Heat the water and the milk, the butter, the salt, sugar. Simmer, remove from the heat and add the flour. Dry out the pastry over a low heat. Transfer to a mixing bowl and add the eggs one at a time. Pipe éclairs 11 cm long and 2.5 cm thick.
Combine all the ingredients until a doughy texture is formed. Roll out to 3 mm thick between two sheets of baking parchment. Cut into 1.5 cm by 11 cm rectangles. Place on top of the éclairs. Place in the oven pre-heated to 220°C (428°F), turn down to 160°C (320°F), and bake during 30 min.
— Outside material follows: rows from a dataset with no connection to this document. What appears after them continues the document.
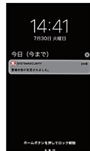
警備セット／解除などの操作が行われると、プッシュ通知でお知らせします。

警備セット／解除などの操作が行われるとプッシュ通知でお知らせ。外出先からも施設の状況を確認できます。
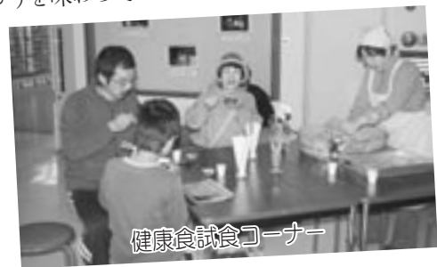
健康食試食コーナー
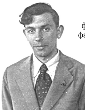
Студент філософського факультету КДУ
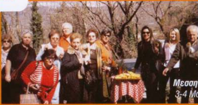
Μεσσηνιακή Μάνη, 3-4 Μαρτίου 2007
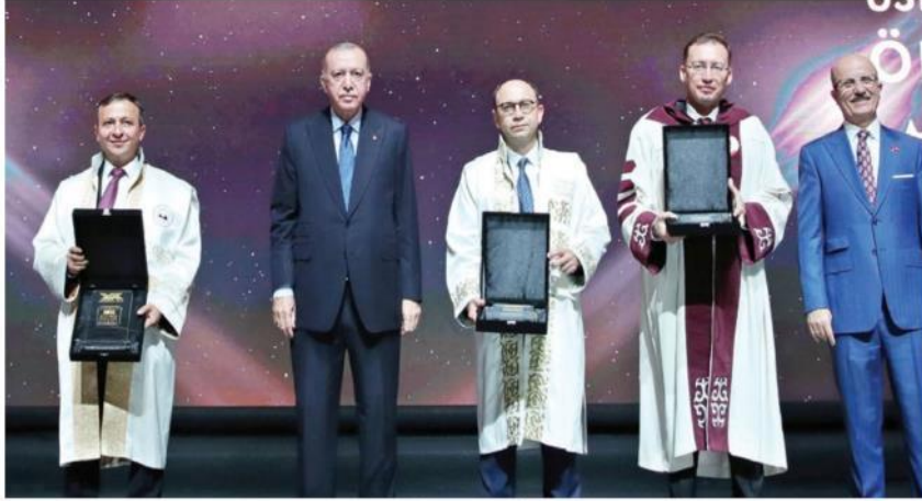
Erdoğan, akademisyenlere 'YÖK 2021 Üstün Başarı Ödülleri'ni verdi.
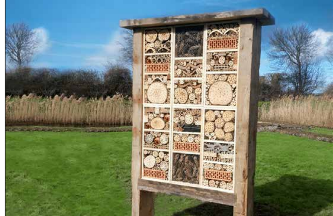
Optioneel insectenhots plaatsen
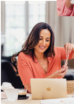
Je eigen online shop.
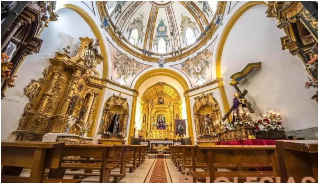
Ermita de Jesus Nazareno milmarcos
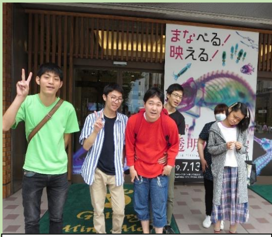
透明標本展に到着！！
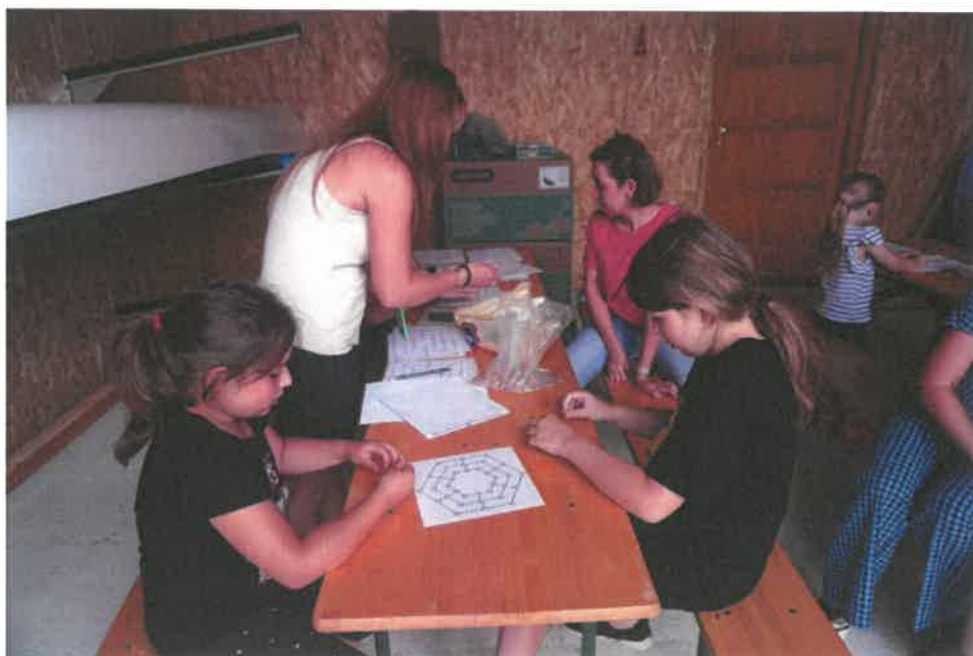
Fotók: malom társasjáték

A projekt egyik meghatározó célcsoportja a felnövekvő generáció, az iskolás gyermekek voltak. Az ő tekintetükben a malmok – ezen belül kiemelten a csörötneki malom – egykori jelentőségét, a történelmi időkben betöltött fontosságára hívtuk fel a figyelmet kötetlen, játékos formában. Számukra rajzversenyt, a vízimalmok működését bemutató foglalkozást, és malomjátékot szerveztünk szakképzett pedagógusok, animátorok részvételével. Fialat generáció fogékonyságát mutatja az elkészült kreatív alkotások szép száma és a programokon történő aktív részvétel.
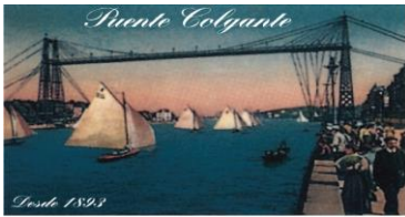
El Transbordador de Vizcaya

den jardueraren izaerarekin zalantzarik gabe bat etorri, behar-beharrezkoak izan, eta ezarritako epean egiten diren gastuak. Diru-laguntza jaso dezaketenez gastuen eskuraketa-balioa ezin da inola ere izan merkatuko balioa baino handiagoa.
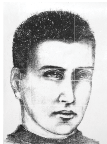
Policja zapewnia anonimowość. Mł. asp. Edyta Klepczyńska

Jeżeli ktokolwiek posiada informacje na temat osoby, która przedstawiona jest na portrecie pamięciowym, proszony jest o kontakt z Komendą Powiatową Policji w Gryficach, przy ul. Mickiewicza 19, osobiście lub telefonicznie: 0-91 38 57 511 lub Komisarzatem Policji w Rewalu: 0-91 38 57578. Informacje można zgłaszać także w najbliższej jednostce Policji pod numerem 997.
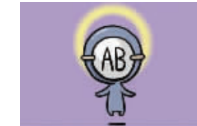
AB型血本性是善良的,该照顾爱人的时候会很照顾

Bring the milk to the boil. Beat the egg yolks with the sugar until pale, then add the custard powder. Pour a third of the boiling milk over the eggs and stir. Pour back into the rest of the boiling milk and stir continuously. Bring to the boil and cook for 3 min, Remove from the heat and add the gelatine followed by the finely chopped Dulcey. When fully cooled, fold in the whipped cream using a rubber spatula. Refrigerate the cream in the fridge and add the dark chocolate shavings. Pipe the éclairs.
Bring the milk, cream and vanilla to the boil. When the liquid reaches 40°C (104°F), sprinkle in the dry ingredients and mix. Bring to the boil and pour a third over the egg yolks while stirring. Cook at 85°C (185°F) stirring until it coats the rubber spatula. Strain. Leave to cool. Allow to steep, process and place in the freezer. Roast and finely chop the peanuts. Make a caramel using the sugar and water and add the salted butter to lower the cooking temperature. Sprinkle the chopped peanuts into the caramel. Once the ice cream has been processed, add the caramelised peanuts.
Place the glucose in a saucepan. Heat. Gradually add the sugar as it cooks, making sure to cook all of the sugar crystals. At the end the process add the scraped vanilla pod. Add the cream to the caramel to lower the cooking temperature. Strain, cool, cover with film and set aside.
Use a sheet of dipping paper to do the shell. Make lines of Dulcey on the chocolate roll.
Caramelize peanuts to create a peak of caramel. Ice the éclairs.
Place the éclair into the chocolate shell. Place the coated peanuts on top of the shell. Make dots of caramel sauce. Place the crushed peanuts. Place the vanilla and caramelised peanut ice cream quenelle on the top.